O advogado especializado em internet Omar Kaminski, que geriu o Observatório do Marco Civil da Internet e participou da criação do arcabouço aprovado em 2014, endossa a preocupação do ministro Edson Fachin com um possível risco de “censura colateral” na decisão.
“A adoção de controle de discurso dos usuários não faz parte do estado de direito democrático”, disse Fachin em seu voto. “A necessidade de ordem judicial para se remover conteúdo por terceiro parece ser a única forma constitucionalmente adequada de compatibilizar a liberdade de expressão com regime de responsabilidade ulterior”, acrescentou.
“O risco é real, com o endurecimento da responsabilização há o risco das plataformas removerem ampla e preventivamente mais conteúdos do que seria necessário, inclusive conteúdos lícitos mas controversos, por exemplo, por receio de punições legais, reputacionais ou financeiras, criando-se uma situação de medo regulatório e censura indireta”, afirma Kaminski.
O advogado vê no voto de Fachin uma linha constitucional mais garantista, alinhada à daquela vista na União Europeia, “com um dos pontos focais na regulação mais robusta e proativa, envolvendo ações coordenadas e obrigações contínuas às plataformas”.
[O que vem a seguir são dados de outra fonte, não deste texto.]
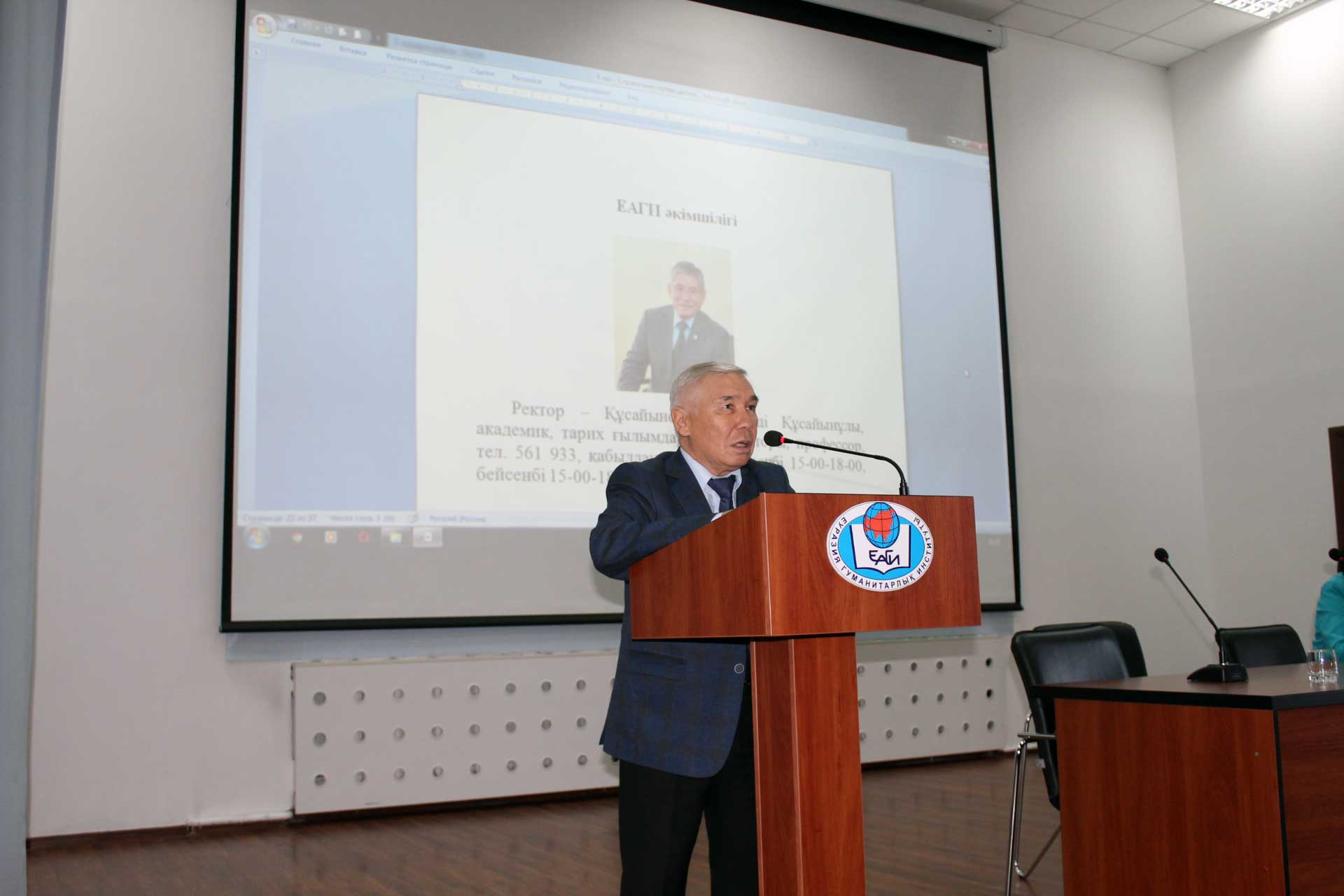 Бірінші курс студенттерін оқу және ғылыми жұмыс жөніндегі проректор т.ғ.д., профессор Қ.Ә. Ахметов, институттың деканы, ф.ғ.к., доцент Қ.А. Мамаділ құттықтап, ЕАГИ-дегі оқу және тәрбие жұмысының негізгі ережелері туралы баяндады. Кездесу барысында студенттер сұрақ қойып, пікір алмасты. Сондай-ақ студенттер алдында пресс-орталықтың жетекшісі И.С. Воронцова, ЖІК төрағасы Н. Тырнахан сөз сөйледі.

“Estaríamos diante de regras que moldam o ambiente digital como um todo, considerado como espaço público, e não apenas diante de casos pontuais e individuais. O desafio é criar uma regulação equilibrada, que incentive a remoção de conteúdos danosos e nocivos ao mesmo tempo que protege o direito de crítica, a pluralidade, a liberdade de expressão e o debate público, livre e aberto”, diz Kaminski.